11 February 2010

Assurant Health Has A Policy Of Cheating Insureds

Assurant Health, a.k.a. Time Insurance, is one of the leading providers of health insurance to people who don't receive health insurance through their employers. It has been rebuked by the President, Congress and courts for the way it conducts business.

In Congressional testimony, its CEO told Representatives that its application forms "are written in simple, easy-to-understand, straight forward language," then admitted that he didn't know what many of the terms on his company's own forms meant. He also told Congress that he would not commit to rescinding people's policy's only in cases of "intentional fraud."

Latham v. Time Insurance

Alan Prendergast nailed the fact that make it clear that Assurant Health has earned its bad reputation in a story in this week's Westword. The story discussed a $37 million judgment entered against the company in a bad faith case by a Boulder jury. In the case, Assaurant Health refused to pay her bills and retroactively rescinded the five months old health insurance policy of a woman badly injured in a car accident.

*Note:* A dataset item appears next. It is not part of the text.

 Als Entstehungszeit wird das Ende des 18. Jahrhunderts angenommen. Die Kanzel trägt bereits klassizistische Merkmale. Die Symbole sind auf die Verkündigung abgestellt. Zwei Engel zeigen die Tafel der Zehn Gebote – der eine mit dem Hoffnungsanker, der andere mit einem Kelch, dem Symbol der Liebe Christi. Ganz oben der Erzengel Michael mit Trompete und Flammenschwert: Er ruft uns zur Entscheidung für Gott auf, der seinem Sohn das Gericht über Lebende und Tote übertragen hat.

The investigation Assurant Health did wasn't begun until the accident claims started to arrive. Assurant Health didn't follow its own rules or Colorado insurance division rules in the process it used. The insurance company made the decision in about 68 seconds. The insurance agent who sold the policy pretty clearly lied about the process by which the insurance application with pre-existing condition data was gathered in open court. Testimony of the top manager at Assurant Health in charge of the decision makes clear that Assurant Health also lied to the woman injured about what it was doing to handle her case in its written communications with her.

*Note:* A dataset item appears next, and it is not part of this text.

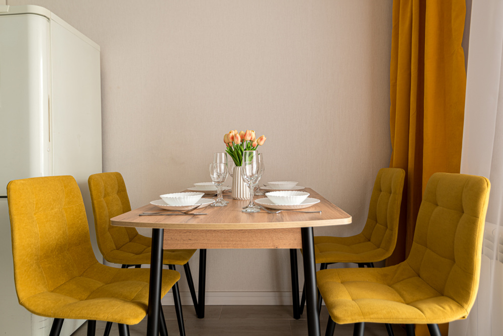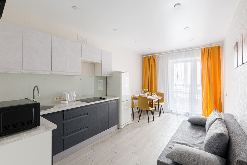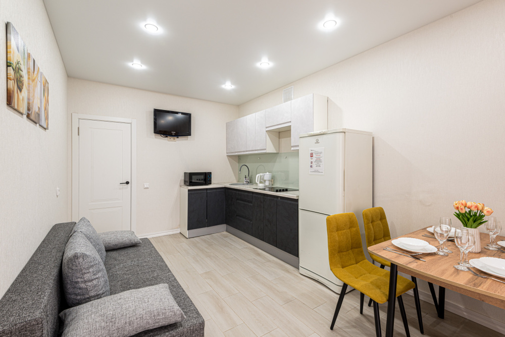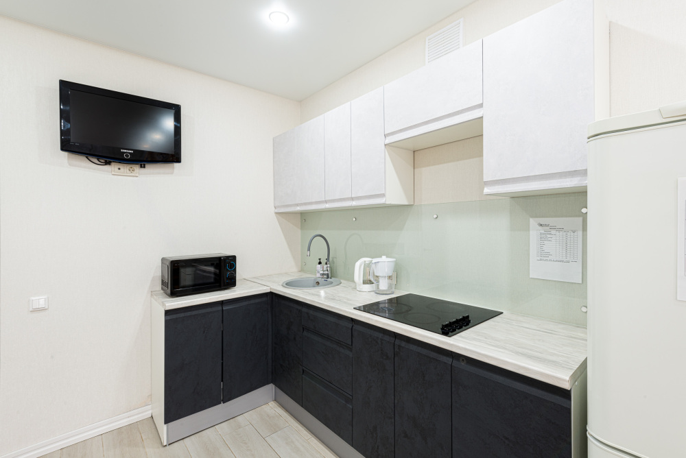 – Полностью оборудованная кухня (холодильник, электрическая варочная панель, микроволновая печь, электрический чайник, фильтр для питьевой воды)

The companies lawyers, led by Robert Walker and Walter Wilson, from a law firm based in the state of Mississippi, where reprimanded by federal judge Richard Matsch was abuses in the litigation.

Of the three items allegedly misrepresented by the woman injured on her insurance application, one involved an alleged pre-existing condition that wasn't covered anyway. Another involved an incorrect interpretation of a medical record that was alleged to say that a particular drug was used and that the woman was diagnosed with a particular problem, when in fact the medical record said that the drug in question was not used and that the woman was told that she didn't have the problem she had feared that she might have. None of the alleged misrepresentations had anything to do with the accident claims that Assurant Health was asked to pay.

The case is in the post-trial review phase now and I assure you that every actively litigated $37 million plus trial court loss is appealed. It is a good example of one of important unwritten rules of trial practice. A clear wrong is punished much more seriously than ambiguous but economicaly more serious wrongs. Clarity and doubt drive damages, even though theoretically, they shouldn't.

I would be surprised if the verdict was reduced on appeal, but would be surprised if some aspect of the damages award (which went well beyond what the attorney for the woman injured asked for in the case) were not adjusted in post-trial motions or on appeal. The lawyer asked for $2 million in economic damages and $5 million in punitive damages. The jury awarded $183,551 for medical expenses incurred an not paid (even though an automobile insurer for the party at fault ultimately did pay those), $2,000,000 in economic damages on the theory that the woman and her children might never be able to get health insurance again because of Assurant Health's wrongly determination that the woman lied on her health insurance application, $7.3 million for emotional distress, and the balance, about $27.8 million, in punitive damages.

Juries can award whatever they want in damages, but Colorado has a dollar cap on damages for emotional distress. In practice, in a case like this one, the cap on non-economic damages is about $2.8 million at most ($936,030 each for mother and each of the two children with a judicial finding of justification with clear and convincing evidence) and there is some argument for limiting non-economic damages in the case to a lower amount. Thus, non-economic damages are likely to be reduced by at least $4.5 million.

Thus, total non-punitive damages in the case are likely to be reduced to about $5 million.

Colorado has limited punitive damages to the total amount of non-punitive damages awarded, unless there a judge finds that the conduct is ongoing (a plausible possibility in this case) in which case punitive damages up to three times the economic damage award (i.e. $15 million) could be imposed.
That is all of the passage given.